PetroChina Company Limited, China's largest oil producer, said on Monday that its first-quarter net profit slid 28.6 percent year-on-year, reduced by below-cost fuel prices and windfall taxes.
Net profit totaled 26.5 billion yuan (about 3.8 billion U.S. dollars) in the first three months, while income from operations rose 41.9 percent to 259 billion yuan, the company said in a statement to the Shanghai Stock Exchange on Monday evening.

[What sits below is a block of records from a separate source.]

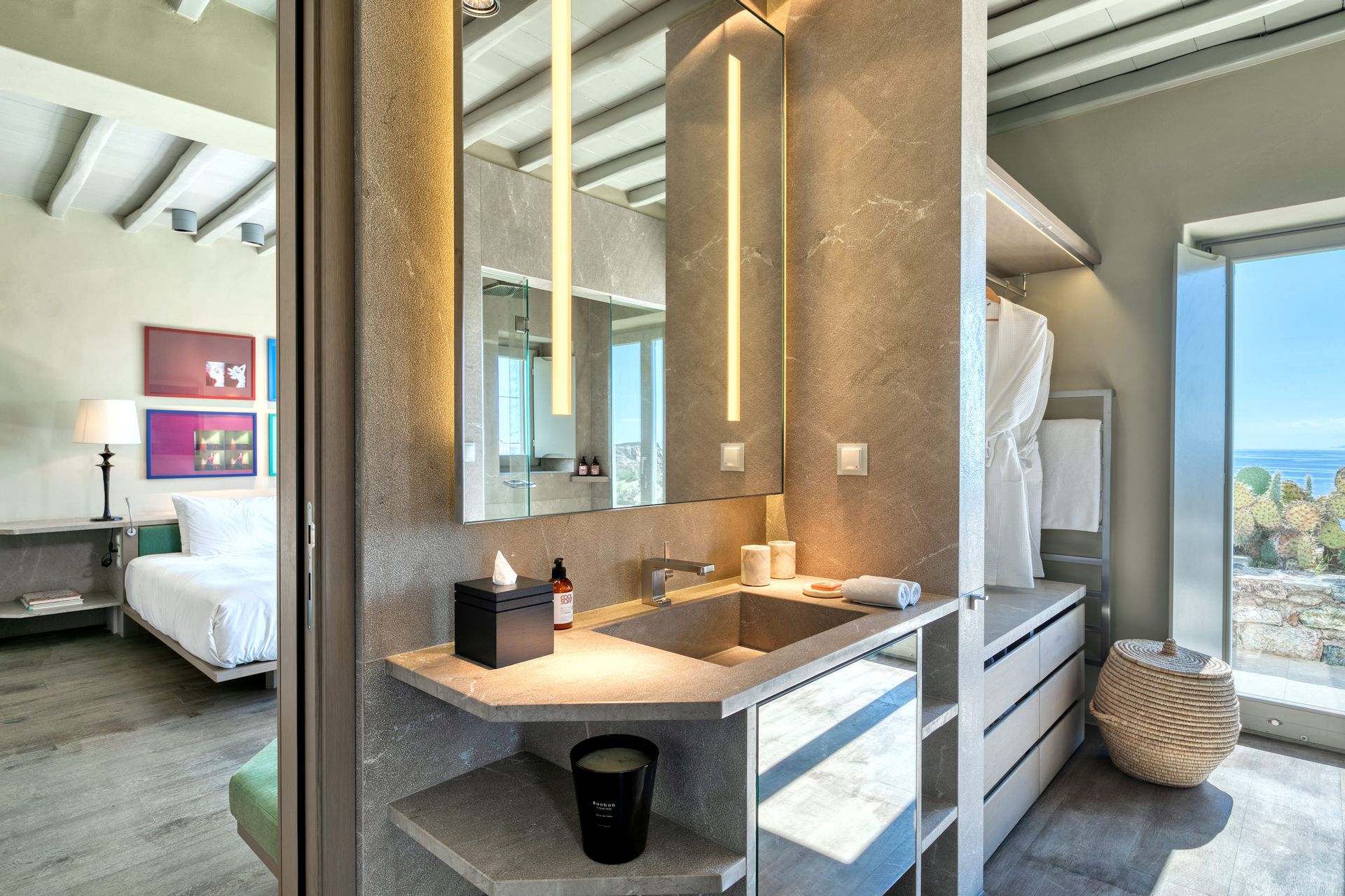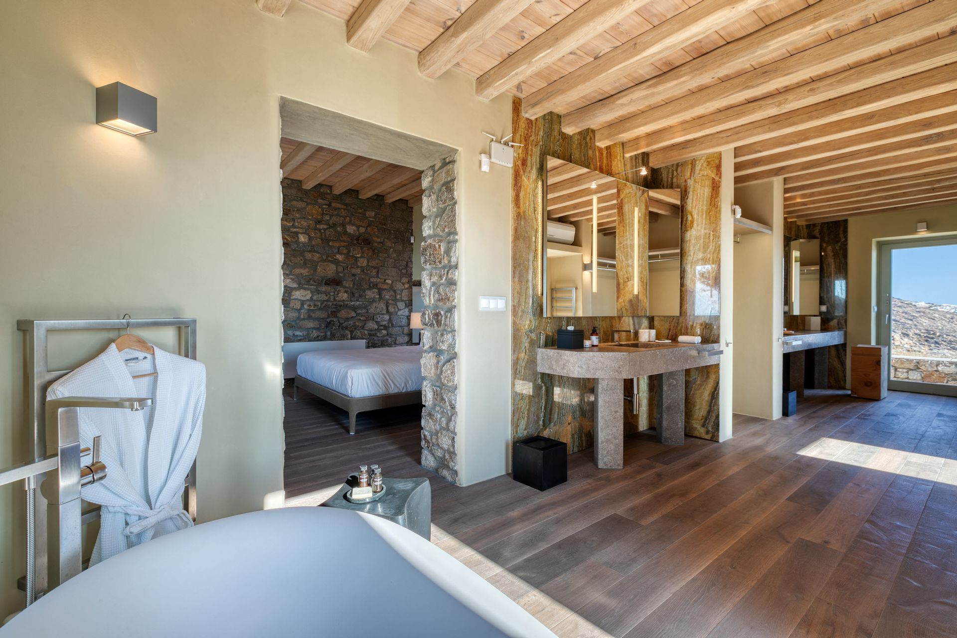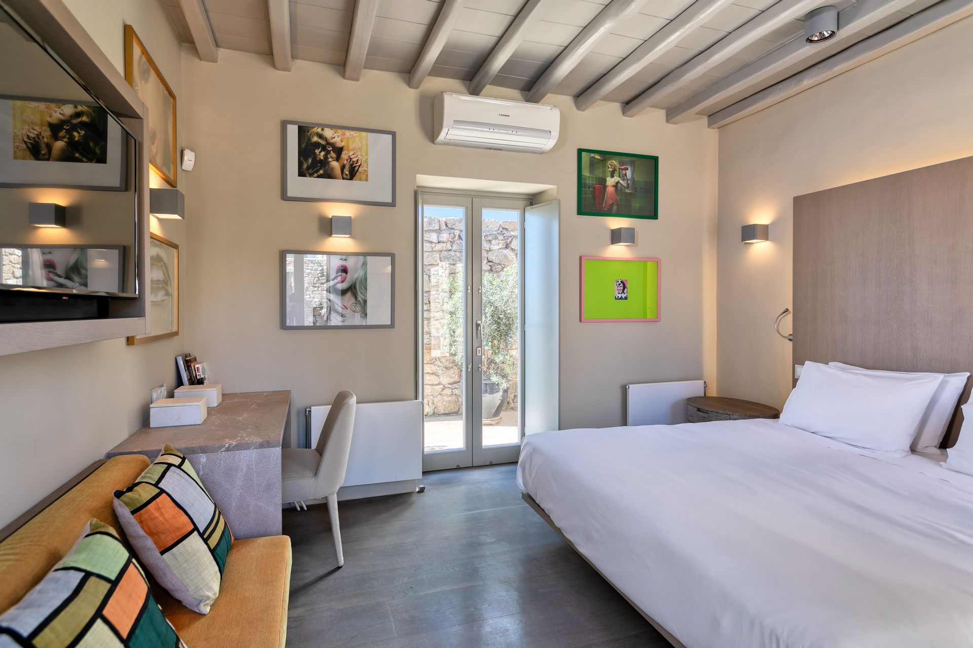 Our property’s focal point is the Clubhouse featuring a heated pool, Jacuzzi, basketball court and in house gym as well as other facilities. A brief walk away from here one can find serenity in the master suite, fondly known as the Keli. Close by, situated in a separate typical Mykonian building, four more suites are housed offering stunning views and eclectic amenities.
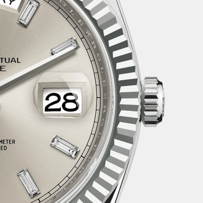 - Dial color: Silver dial with a fine sunrays and 10 Baguette-cut Diamonds as hour markers framed in 18k White Gold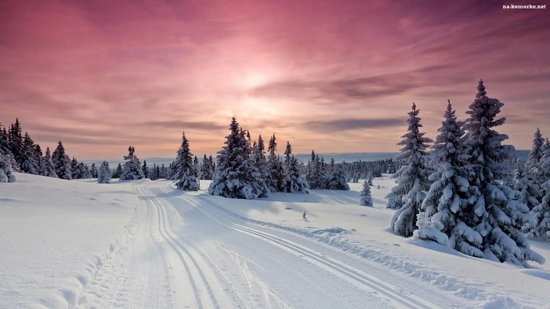 Zachód słońca, Lasy, Góry, Zima, Drzewa, Droga na Komórkę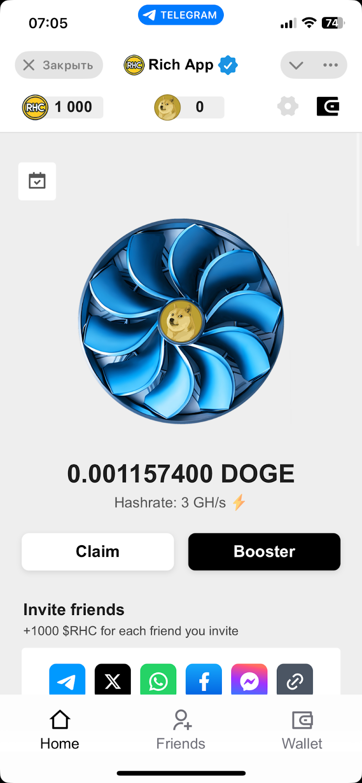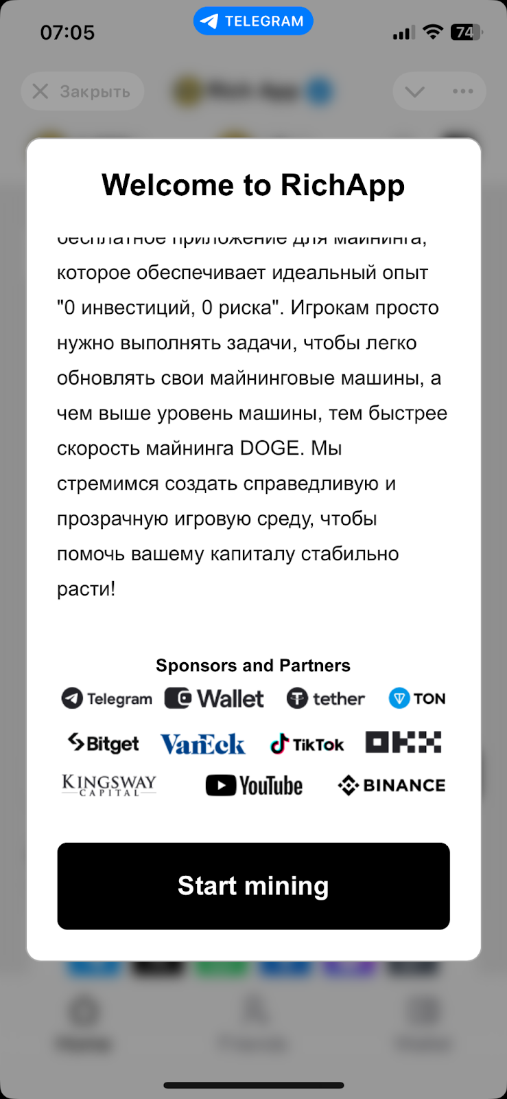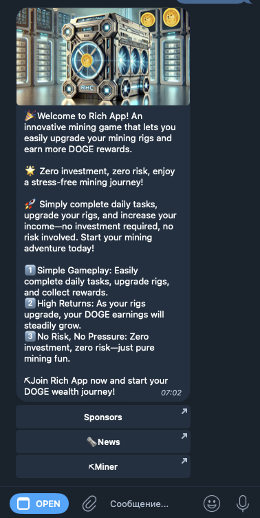 Команда основателей Rich App в Телеграмм заявляет, что они создали майнинг-приложение. В игре предлагают покупать оборудование, которое якобы добывает криптовалюту DOGE.

It attributed the profit slump to higher payments of a special tax on domestic crude oil sold at more than 40 U.S. dollars a barrel and state ceilings on domestic refined oil products.
The fuel price curb also eroded the first-quarter net profit of Sinopec, China's largest oil refiner, which reported on Sunday a 65.78-percent profit slump.
The first-quarter realized price of PetroChina's crude oil surged 63 percent year-on-year to 87.93 U.S. dollars per barrel, while the price of natural gas was up 24.5 percent to 3.15 U.S. dollars per thousand cubic feet, according to the statement.
Crude oil output reached 216 million barrels in the first three months, up 3.3 percent year-on-year, while natural gas output increased 18 percent to 484.7 billion cubic feet.
The company processed 217 million barrels of crude, up 7.4 percent from a year earlier. It sold 21.85 million tons of refined oil products within China, up 18.5 percent.
Gasoline production was up 17.2 percent, with diesel up 4.4 percent and kerosene up 20 percent. Ethylene output climbed 9.2 percent.
Listed in Hong Kong and Shanghai, PetroChina is the listed subsidiary of China National Petroleum Corporation (CNPC), China's largest oil and gas producer. It has 18,406 service stations.
PetroChina shares were down 4.26 percent to 16.84 yuan in Shanghai on Monday ahead of the earnings report. Shares of Sinopec fell 4.38 percent to 11.34 yuan.